◆ Materials provided
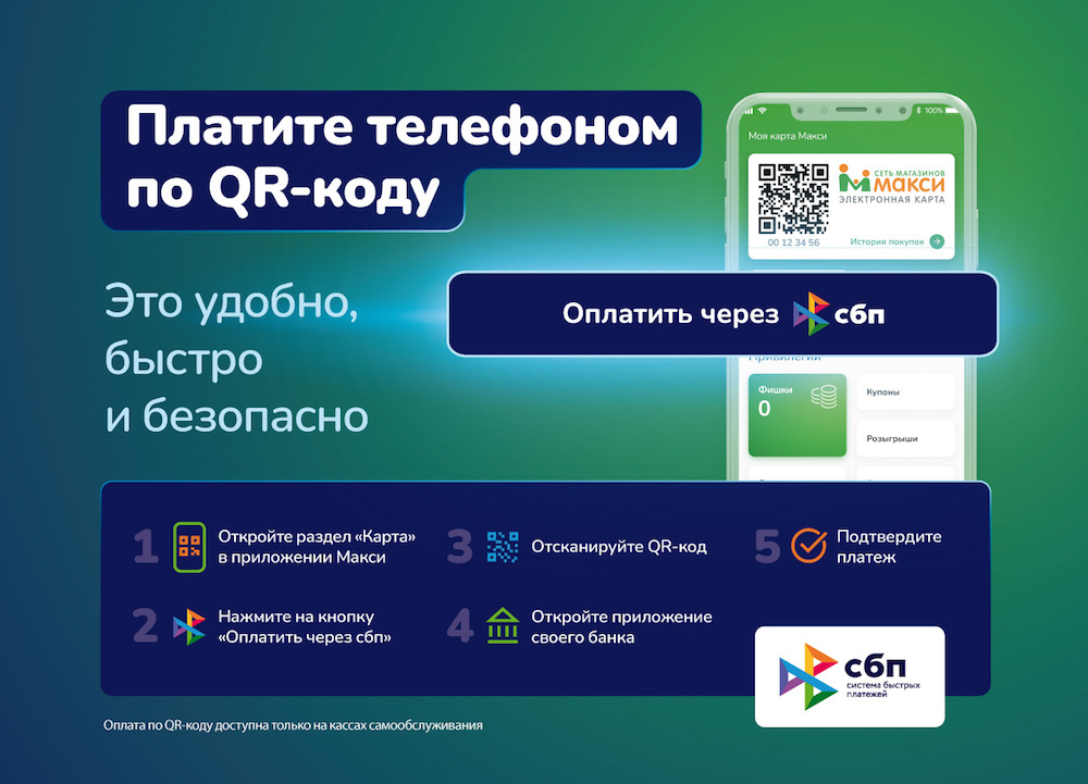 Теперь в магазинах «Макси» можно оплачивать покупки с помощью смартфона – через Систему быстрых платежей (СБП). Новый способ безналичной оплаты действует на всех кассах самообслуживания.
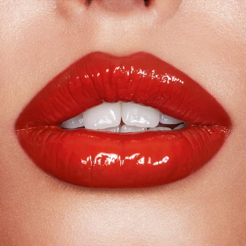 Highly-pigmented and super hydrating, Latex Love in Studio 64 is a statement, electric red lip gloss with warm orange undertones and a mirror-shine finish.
--
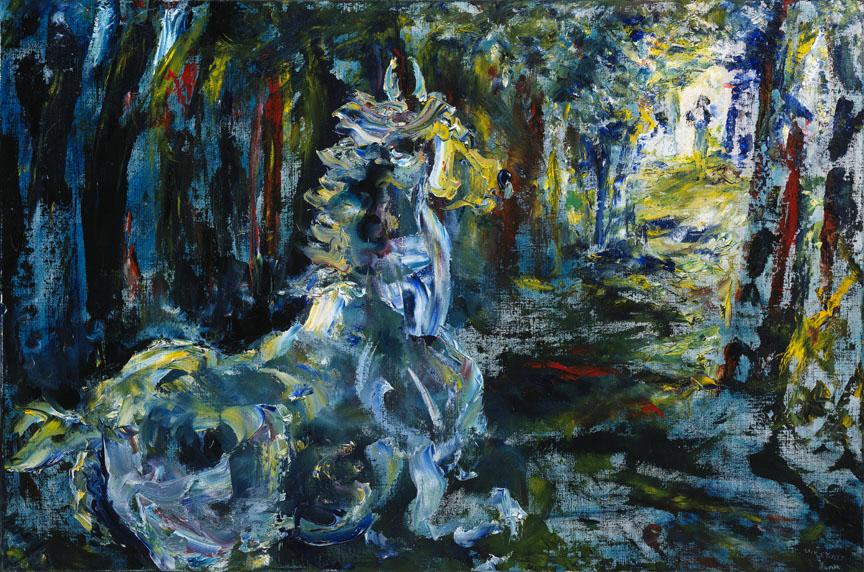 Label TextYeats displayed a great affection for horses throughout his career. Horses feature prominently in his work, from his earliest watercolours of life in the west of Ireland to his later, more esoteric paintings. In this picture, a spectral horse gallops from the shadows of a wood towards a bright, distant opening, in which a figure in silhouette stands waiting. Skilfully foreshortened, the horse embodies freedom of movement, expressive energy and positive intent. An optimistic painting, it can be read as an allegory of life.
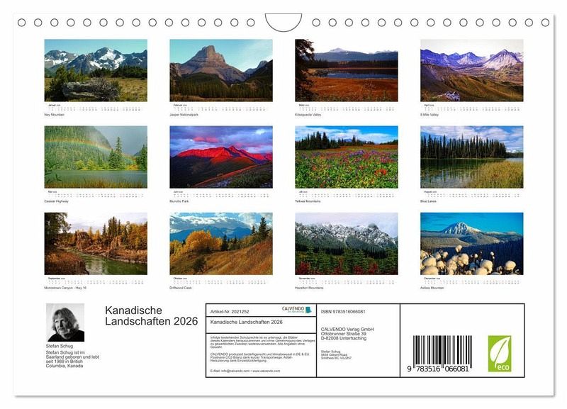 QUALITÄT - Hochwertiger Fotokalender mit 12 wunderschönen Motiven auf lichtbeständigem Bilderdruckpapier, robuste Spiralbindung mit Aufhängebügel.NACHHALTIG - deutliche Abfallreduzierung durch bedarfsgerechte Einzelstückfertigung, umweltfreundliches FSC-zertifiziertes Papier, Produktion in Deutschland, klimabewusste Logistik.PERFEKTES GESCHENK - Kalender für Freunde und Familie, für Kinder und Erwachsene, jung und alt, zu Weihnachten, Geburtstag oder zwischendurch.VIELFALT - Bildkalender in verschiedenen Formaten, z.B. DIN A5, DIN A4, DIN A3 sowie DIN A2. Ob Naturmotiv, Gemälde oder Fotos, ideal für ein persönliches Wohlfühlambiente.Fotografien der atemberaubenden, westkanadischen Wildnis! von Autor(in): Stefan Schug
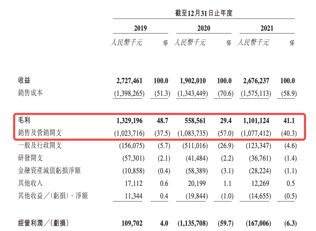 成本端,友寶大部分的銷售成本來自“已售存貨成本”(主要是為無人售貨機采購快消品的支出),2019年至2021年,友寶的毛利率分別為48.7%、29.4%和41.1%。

◆ What is expected
Work from the entries above. Set down exactly and only the lines from the line with "Теперь в магазинах" to the line with "Highly-pigmented and super", both included, and leave the pictures out.

◆ Reply
 Теперь в магазинах «Макси» можно оплачивать покупки с помощью смартфона – через Систему быстрых платежей (СБП). Новый способ безналичной оплаты действует на всех кассах самообслуживания.
 Highly-pigmented and super hydrating, Latex Love in Studio 64 is a statement, electric red lip gloss with warm orange undertones and a mirror-shine finish.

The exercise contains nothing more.